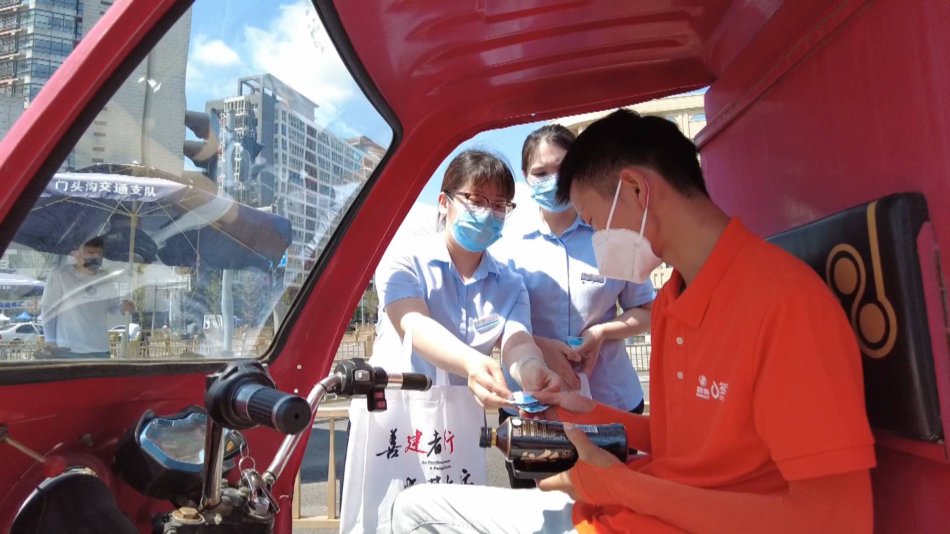 近日,建行北京门头沟支行延伸“劳动者港湾”服务半径,安排工作人员走上街头,给高温下坚守岗位的交警、辅警、志愿者、环卫工人和快递外卖小哥送上解暑饮品和口罩,为户外工作者带去清凉和关怀。
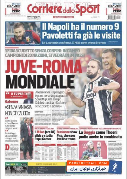تیتر های نشریهی کوریره دلو اسپورت در روز شنبه ۱۷ دسامبر به این شرح است :
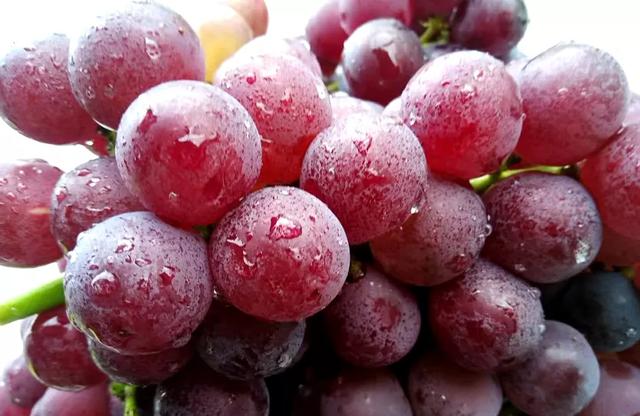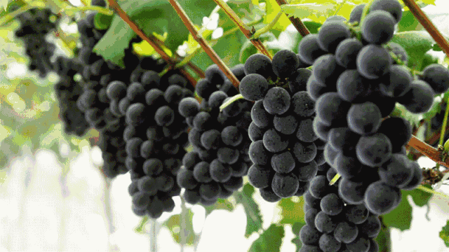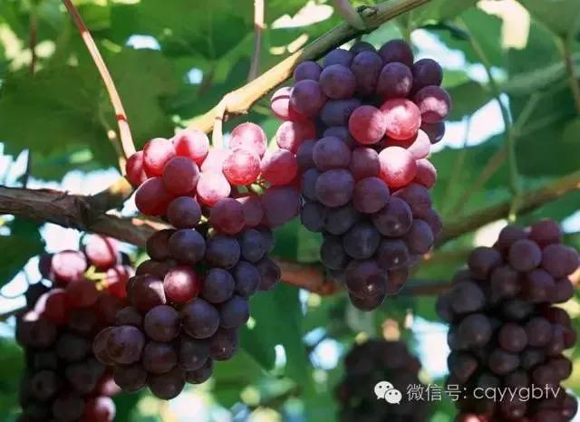 一串串紫色、红色、黑色的葡萄挂满枝头
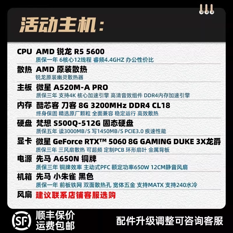装机猿玩家店微星RTX5060-8G龙爵三风扇/12400F/5600台式电脑主机
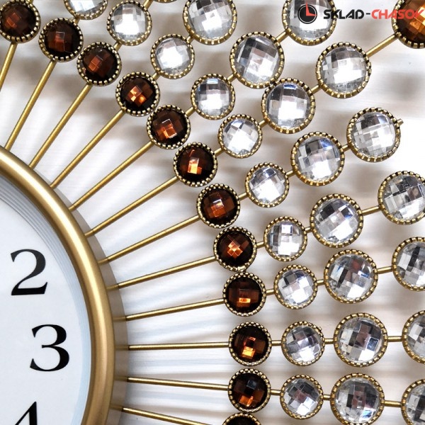 Большие необычные настенные часы GALAXY AYP-1035 K золотого цвета с белым и золотым декором, имеют надежный бесшумный кварцевый механизм, работающий от батарейки типа АА (пальчиковые). Эта модель идеально подойдет для дома в гостиную комнату разных стилей, включая современный и декор. Временные рамки обозначены арабскими цифрами. Стрелки под стеклом.
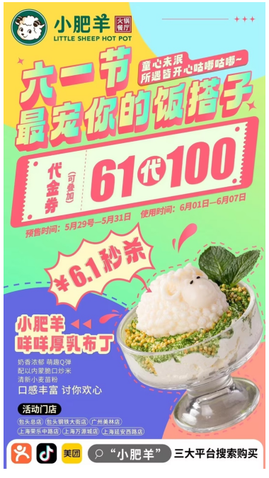 在充满童趣的儿童节,小肥羊为大小孩子们带来了一场欢乐的美食盛宴。孩子们脸上洋溢着幸福的笑容,大人们也在这欢乐的氛围中重拾了童年的纯真。小肥羊于近期限定推出咩咩厚乳布丁,奶香浓郁、萌趣Q弹,配以内蒙脆口炒米,清新小麦苗粉,口感丰富。这款布丁还以小肥羊品牌标志性的“咩咩”形象为设计灵感,活动期间更可享6.1元福利秒杀。
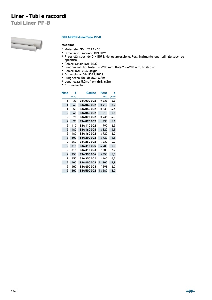 Proprietà: secondo DIN 8078; No test pressione. Restringimento longitudinale secondo
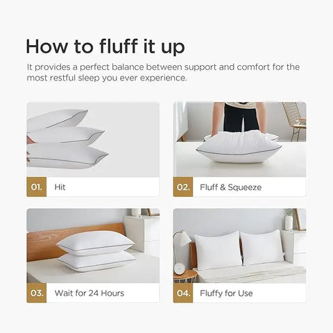 Comfy & Breathable Pillows -Our pillows are finished with well stitching and reinforced seams. The polyester case cover provides a smooth finish and superior soft feeling, making you feel like sleeping on a cloud.No matter what kind of sleeping positions you prefer, you can always get the experience five-star hotel luxury at home every night.
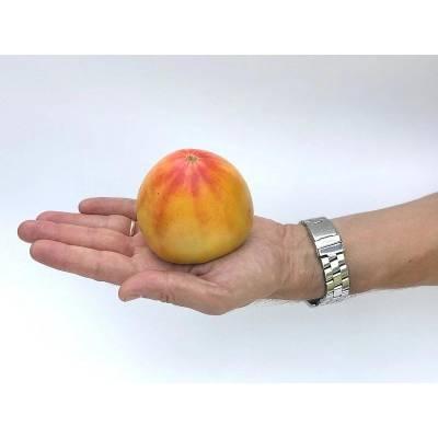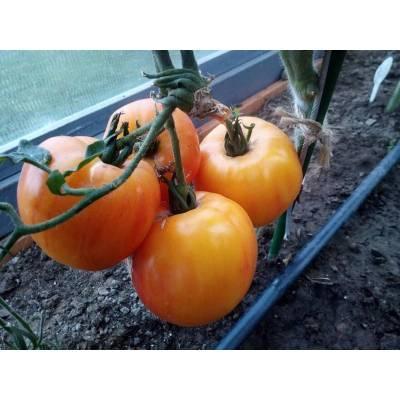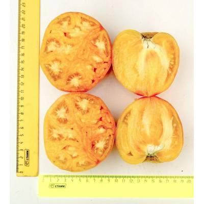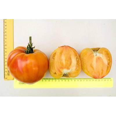 Раннеспелый индетерминантный гибрид томата. От всходов до плодоношения проходит около 95 дней. Первая кисть закладывается над 7-8 листом, последующие - через 3 листа. В простых и полусложных кистях формируется по 4-6 крупных плодов сердцевидной формы массой более 250 г. Томаты необычной жёлто-оранжевой окраски с малиновой «звездой» на вершине. Плоды салатного назначения, мясистые, многокамерные, сочные, ароматные, с высоким содержанием сахаров и фруктовыми нотками во вкусе. Гибрид стрессо- и болезнеустойчивый. Плотность посадки – 3-4 растения/м2. Рекомендуем формировать растения в 1-2 стебля. Урожайность – 18,0-20,0 кг/м2.
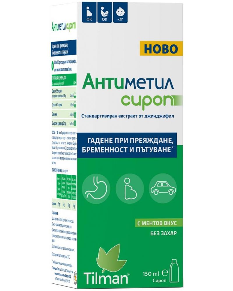 АНТИМЕТИЛ при гадене и повръщане при пътуване, преяждане и бременност сироп х 150мл
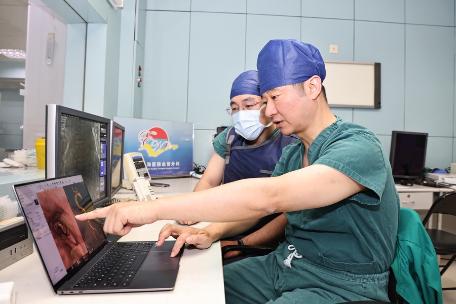 “AI会基于主动脉夹层治疗病例数据,计算每套方案的并发症概率,但最终选择需要医生权衡患者个体情况。”陆清声团队经过多学科会诊,考虑到张先生肺功能差、无法耐受长时间手术,且AI提示方案一的脑缺血风险可通过“左颈总动脉烟囱支架”技术降低,最终确定采用方案一,并启用血管介入手术机器人辅助操作。
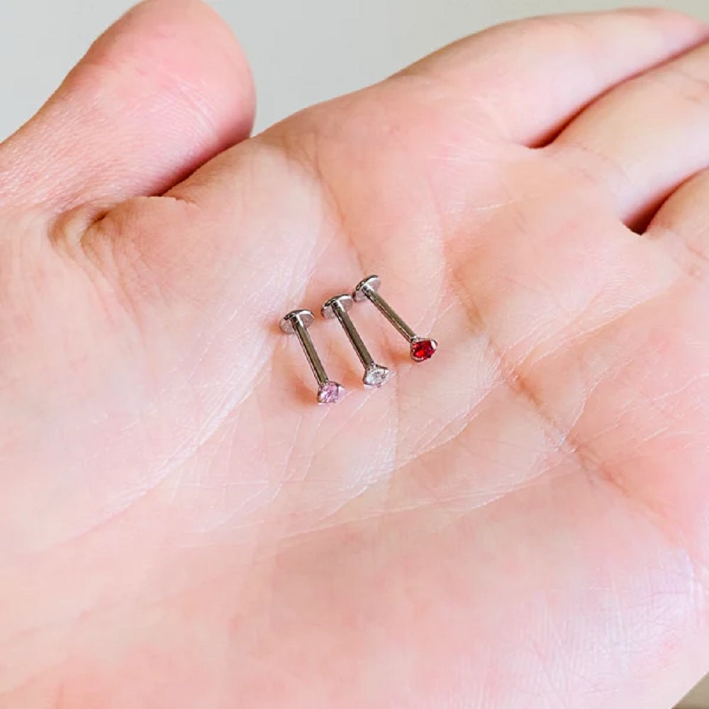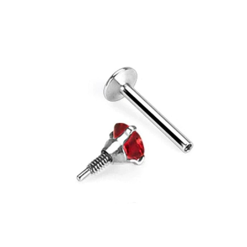 Internally Threaded CZ Crystal Heart Top Flat Back Labret Stud - 316L Stainless Steel
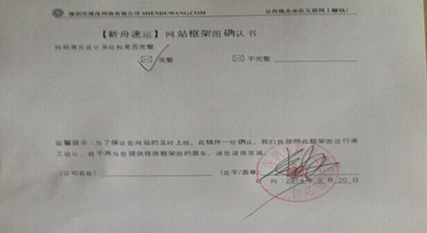 一、網(wǎng)站框架確認(rèn)書:
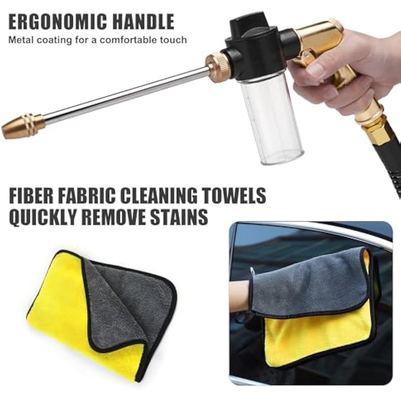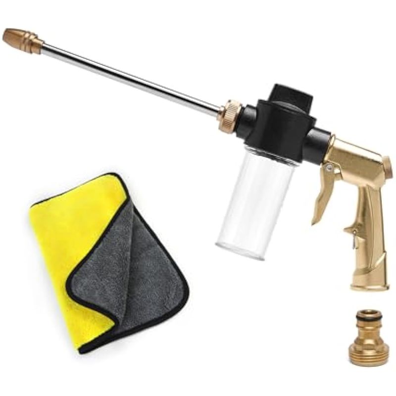 BOQUILLA DE MANGUERA DE JARDíN DE METAL RESISTENTE, PISTOLA DE ESPUMA DE ALTA PRESIóN ROCIADOR DE LAVADO DE AUTOS CON BOTELLA DISPENSADORA DE JABóN DE PLáSTICO DE 3.5 ONZAS LíQUIDAS + TOALLA
+ + + +
## REQUIREMENT:
Repeat each line of the material, unaltered, from the first through the line with "Comfy & Breathable", and include no pictures.

## TASK OUTPUT:
 近日,建行北京门头沟支行延伸“劳动者港湾”服务半径,安排工作人员走上街头,给高温下坚守岗位的交警、辅警、志愿者、环卫工人和快递外卖小哥送上解暑饮品和口罩,为户外工作者带去清凉和关怀。
تیتر های نشریهی کوریره دلو اسپورت در روز شنبه ۱۷ دسامبر به این شرح است :
 一串串紫色、红色、黑色的葡萄挂满枝头
装机猿玩家店微星RTX5060-8G龙爵三风扇/12400F/5600台式电脑主机
 Большие необычные настенные часы GALAXY AYP-1035 K золотого цвета с белым и золотым декором, имеют надежный бесшумный кварцевый механизм, работающий от батарейки типа АА (пальчиковые). Эта модель идеально подойдет для дома в гостиную комнату разных стилей, включая современный и декор. Временные рамки обозначены арабскими цифрами. Стрелки под стеклом.
 在充满童趣的儿童节,小肥羊为大小孩子们带来了一场欢乐的美食盛宴。孩子们脸上洋溢着幸福的笑容,大人们也在这欢乐的氛围中重拾了童年的纯真。小肥羊于近期限定推出咩咩厚乳布丁,奶香浓郁、萌趣Q弹,配以内蒙脆口炒米,清新小麦苗粉,口感丰富。这款布丁还以小肥羊品牌标志性的“咩咩”形象为设计灵感,活动期间更可享6.1元福利秒杀。
 Proprietà: secondo DIN 8078; No test pressione. Restringimento longitudinale secondo
 Comfy & Breathable Pillows -Our pillows are finished with well stitching and reinforced seams. The polyester case cover provides a smooth finish and superior soft feeling, making you feel like sleeping on a cloud.No matter what kind of sleeping positions you prefer, you can always get the experience five-star hotel luxury at home every night.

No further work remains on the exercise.